This library is a collection of methods to estimate the entropy of sequences by data compression (source coding).
Examples of the use of this library can be found in
-
S. Martiniani, P. Chaikin, D. Levine, "Quantifying hidden order out of equilibrium", Phys. Rev. X 9, 011031 (2019)
-
S. Martiniani, Y. Lemberg, P. Chaikin, D. Levine, "Correlation lengths in the language of computable information", Phys. Rev. Lett. 125, 170601 (2020)
-
A. Cavagna, P. M. Chaikin, D. Levine, S. Martiniani, A. Puglisi, and M. Viale, "Vicsek model by time-interlaced compression: A dynamical computable information density", Phys. Rev. E 103, 062141 (2021)
-
S. Ro, B. Guo, A. Shih, T. Phan, R. Austin, D. Levine, P. Chaikin, and S. Martiniani, "Model-Free Measurement of Local Entropy Production and Extractable Work in Active Matter", Phys. Rev. Lett. 129, 220601 (2022)

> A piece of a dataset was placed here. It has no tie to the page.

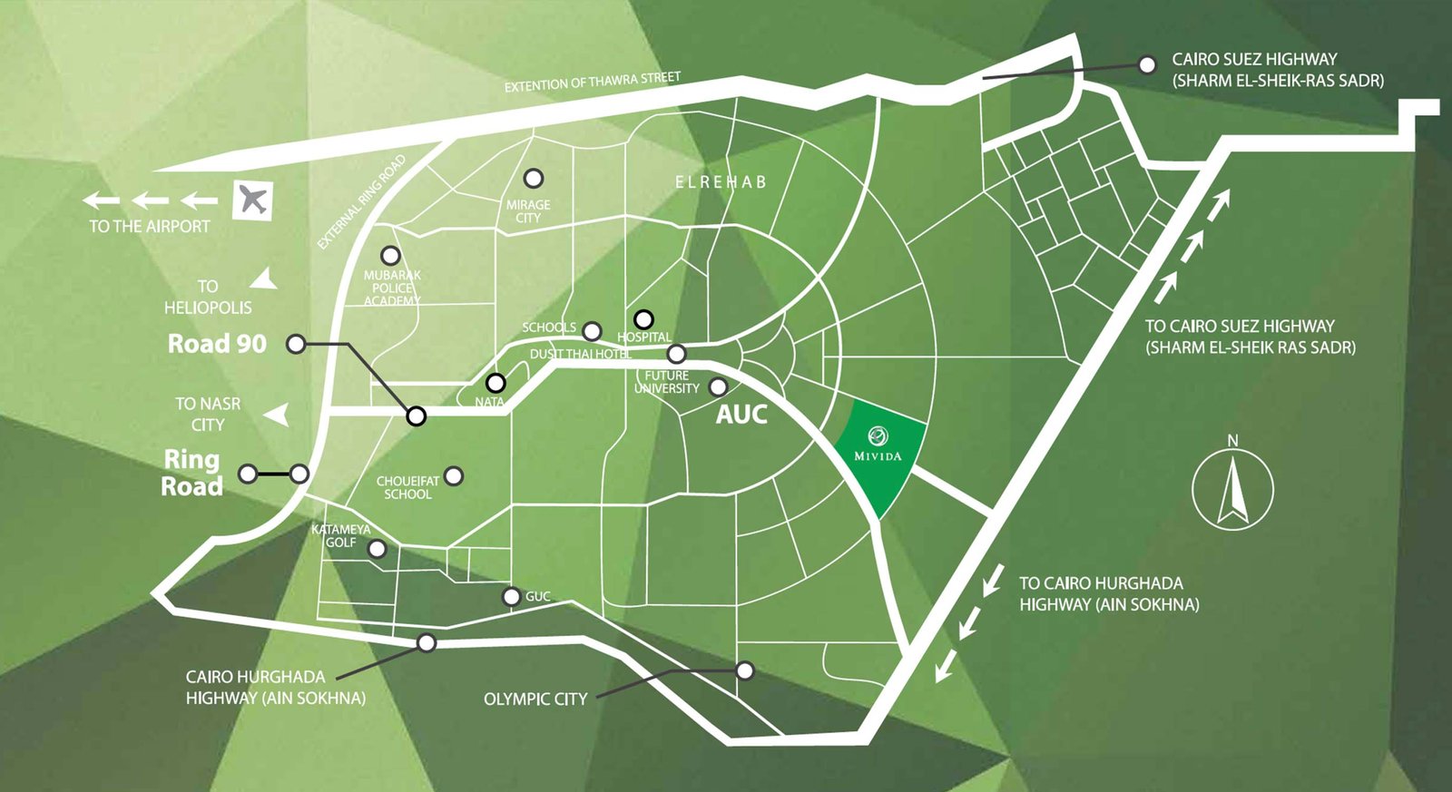 يقع مشروع ميفيدا بوليفارد ريزيدنسز يالقاهرة الجديدة المربع الذهبي داخل كمبوند ميفيدا اعمار التجمع الخامس كذلك على بعد 15 دقيقة من مدينة نصر ومصر الجديدة.

The library implements/wraps a number of algorithms and utilities:
-
LZ77, Lempel-Ziv 77 pattern matching code. Wraps the kkp2 algorithm performing LZ77 factorization in O(n).
-
LZ78, Lempel-Ziv 78 incremental parsing rule.
-
Cross-parsing complexity, for computing KL divergence.
-
Block Entropy, Shannon entropy for blocks of a given size.
-
Block Sorting (Burrows-Wheeler Transform) based entropy estimator.
-
Wraps a range of compression algorithms readily available in Python (after reducing the sequence to its minimal binary representation)
- deflate
- bzip2
- lzma
- zstd
- brotli
- zopfli
-
run-length encoding
-
Hilbert curve, Hilbert-Peano space filling curve for optimal compression of higher dimensional sequences on a square grid.
-
Gosper curve, space filling curve for optimal compression of higher dimensional sequences on an hexagonal grid.
You can install the library in place by running
python setup.py build_ext -i